There is something called the Travelers’ Century Club, TCC, for people who have traveled to one-hundred countries or more. Recently, I saw a copy of The Centurian, their monthly newsletter, where on the back page several members were congratulated with their newly achieved Diamond membership, for having visited no less than 300 countries. I didn’t think there were that many countries in the world, despite the ever-expanding numbers from collapsing empires and successful independence movements, until I checked the TCC countries and territories list on their website. In fact, they recognize 324 countries and territories, thereby observing that “some are not actually countries in their own right, but they have been included because they are removed from the parent country, either geographically, politically or ethnologically”. Right!

Intrigued, I had a closer look at the list, to see what that means, “removed geographically, politically or ethnologically”. Predictably, the UK is not one, but five countries (England, Scotland, Northern Ireland, Wales and Jersey/Channel Islands). Hmmm. Cyprus is two countries, one a Republic and the other a Turkish Federal Republic. OK, I can live with that, clearly politically separated, more so than the UK, at least for the time being. But whether Crete and Corfu need to be identified as separate entities from Greece is more debatable; equally doubtful is the split in European and Asian Turkey, or African and Asian Egypt (the Sinai). Indonesia exists as a country, but so do Sumatra, Java, Kalimantan, Sulawesi, Irian Jaya (the Indonesian part of New Guinea, helpfully also called Dutch New Guinea by the TCC, although the Indonesians themselves call it Papua, already for quite some time), Moluca and the Lesser Sunda Islands, covering all the other Indonesian Islands – including Bali, the one island that really stands out as culturally, religiously different. There are definitely ethnological and cultural differences within Indonesia, but this to me seems to have been mostly designed to create as many countries as possible, so that more and more people can become member of this illustrious club.

The rules defining a visit to a country appear to confirm this. According to the site, “it was decided that even the shortest visit would suffice — even if only a port-of-call, or a plane fuel stop. This greatly widens the field and will give the traveler a better chance to qualify for one of the most unusual clubs in the world”. Right! Had you flown with the cheapest possible ticket from Amsterdam to Harare in the 1980s, some Bulgarian carrier would have made 11 stops on the way, giving you a head start towards membership. In my case Brazil would have counted, from a brief visit to the Iguazu Falls some years ago, and I could even add Mozambique, from the time I stepped across the road that forms the border between Malawi and then civil-war-torn Mozambique in 1987.

Why would you want to become a member of this club? Well, they have a website with a traveler’s forum, and several chapters – local clubs – throughout the US (mostly) and the rest of the world (which is Canada, Germany, a new one in The Netherlands, and, surprisingly, all of the UK, this time not split up in individual countries). And all this is yours for the humble registration fee of 100 US$, plus an annual subscription of between 75-95 US$.

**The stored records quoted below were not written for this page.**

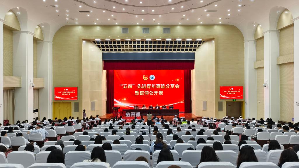 4月29日,beat365“五四”先进青年事迹分享会暨信仰公开课在科技路校区学术报告厅举行。学校党委委员、副院长陈鸣鸣出席大会并讲话。学校相关部门负责人、专兼职团干部以及400余名团员青年代表齐聚一堂,共同聆听青春奋斗故事,感悟新时代青年的使命担当。会议由校团委书记童申主持。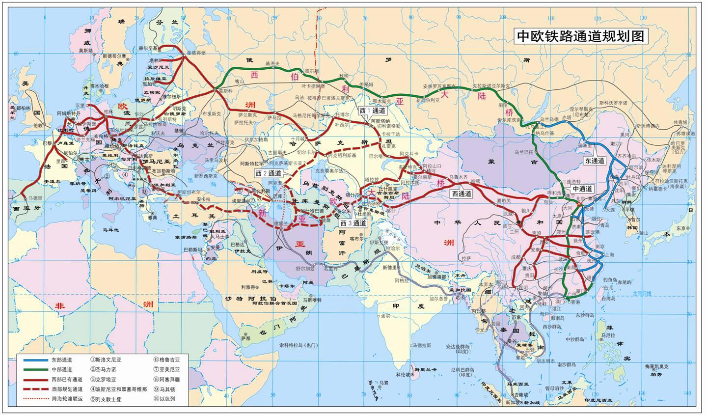 《规划》明确了中欧铁路运输通道、枢纽节点和运输线路的空间布局,统筹利用中欧铁路东中西三条国际联运通道,按照铁路“干支结合、枢纽集散”的班列组织方式,在内陆主要货源地、主要铁路枢纽、沿海重要港口、沿边陆路口岸等地规划设立43个枢纽节点,建设发展43条运行线,并提出完善国际贸易通道、加强物流枢纽设施建设、加大货源整合力度、创新服务模式、建立完善价格机制、构建信息服务平台、推进便利化大通关等七大任务,着力优化运输组织及集疏运系统,提高中欧班列运行效率和效益。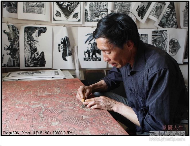 “開始,群眾為避免謄印、剪紙樣、涂顏料的麻煩,干脆把畫畫在木板上,用刀刻好,要繡花時(shí)就用布去木板上印出花樣,這是阿峨新寨最早的版畫。后來,在文化館老師的指導(dǎo)下,他們才在木板上增加了其他內(nèi)容,逐漸演變成了今天的壯鄉(xiāng)民族文化——版畫。”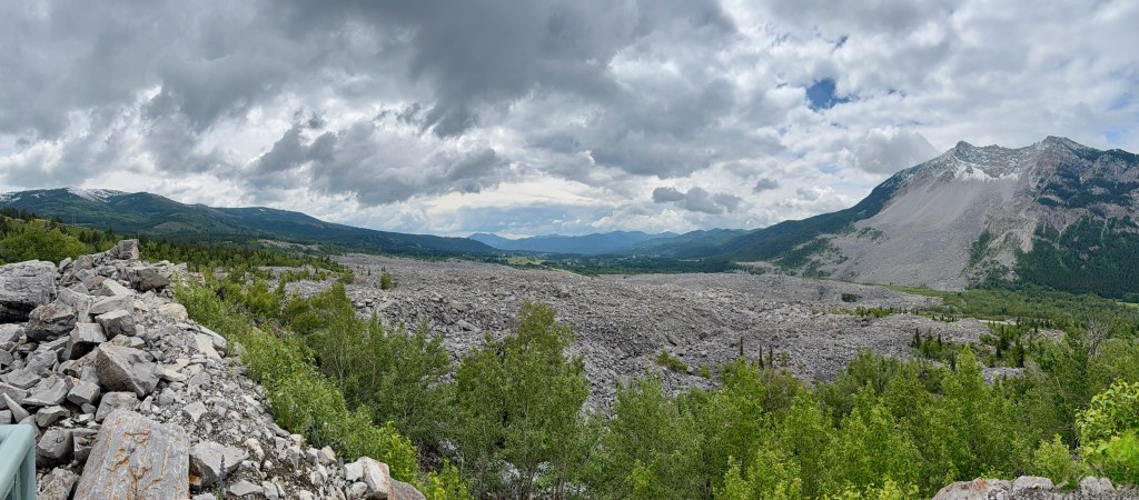 As we travelled along Highway 3, our first major stop was the Frank Slide – a haunting reminder of nature’s power. In 1903, part of Turtle Mountain collapsed, sending a massive rockslide down onto the village of Frank, tragically killing around 90 people. From above, you can still clearly see the vast grey scar – about 3 square kilometres of massive boulders, some the size of houses. It must have been absolutely terrifying, and reminded us of a terrible tragedy in the mining town of Aberfan in South Wales, my home area.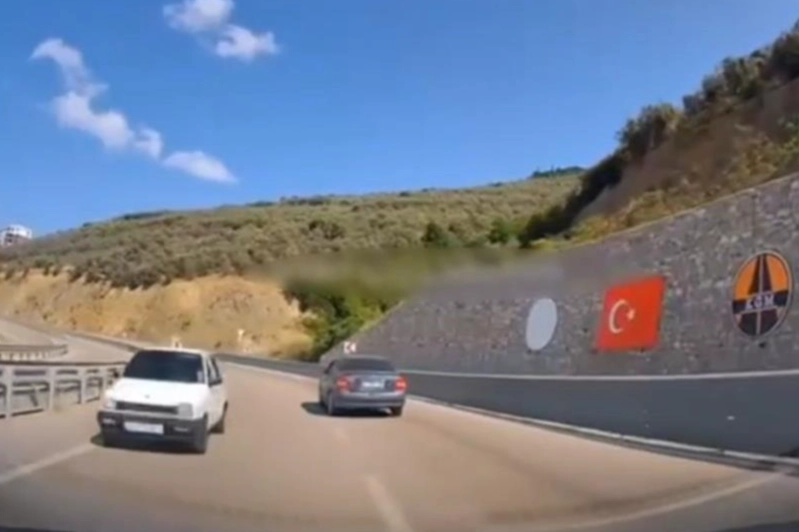 İstanbul İzmir otobanı Gemlik bağlantısında ters yöne giren bir otomobil, hızla ilerleyerek karşı yönden gelen sürücülere zor anlar yaşattı.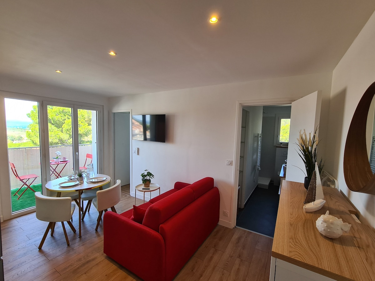 Dəniz və liman mənzərəsi təklif edən terraslı yeni rahat studiya. Çox parlaq, 150-179 sm ölçülü çarpayı, bərpa olunan kondisioner, düz ekranlı əlaqəli televizor, internet, duş kabinəsi olan hamam otağı, təchiz edilmiş və təchiz olunmuş mətbəx, paltaryuyan maşın, bağ mebeli olan balkon/terras... Təhlükəsiz yaşayış yerində lifti olan 1-ci mərtəbədə yerləşir. 50 m məsafədə böyük pulsuz ictimai parkinq yeri. Çimərlik 300 metr məsafədə Piyada olan bütün mağaza və xidmətlər (restoranlar, barlar, çörək zavodları, rahatlıq mağazası, həkimlər, aptek...)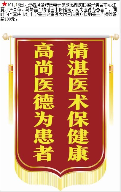 患者冯靖赠送电子锦旗感谢皮肤/整形美容中心江夏等人,并向医疗救助基金捐赠善款100元。-锦旗-患者心声-患者服务-重庆医科大学附属第三医院【官方网站】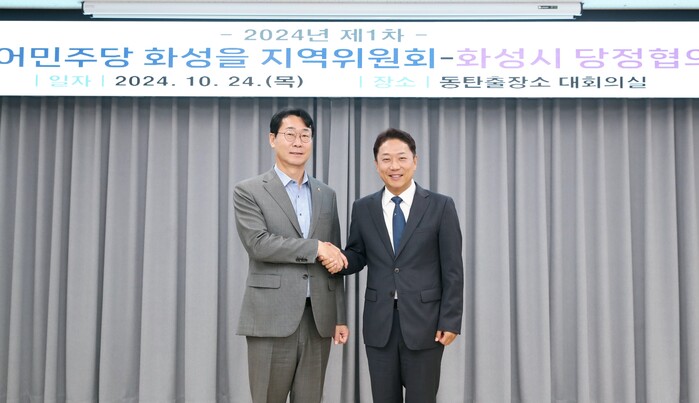 24일, 진석범 더불어민주당 화성을 지역위원장과 정명근 화성시장을 비롯한 도의원, 시의원, 관계 공무원 등이 동탄출장소에 모여 지역현안을 논의하기 위해 당정협의회를 개최했다.

I haven’t reached the 100 countries yet, not even by the TCC definition (which, the site assures me, is no problem, I could become a Provisional member, as long as I pay up). If and when I do, I am not sure I will register. A little too opportunistic for my taste. Which doesn’t diminish my admiration for somebody who has already visited more than 300 out of 324 territories.

Or are there more than 324? There is also a list of some 50 retired countries, and there is the so-called Grandfather Clause, that determines that an area which was recognized as a country or territory in the past and is deleted from the active list will still count for the purposes of having reached the minimum number of destinations required for membership. Did I say opportunistic?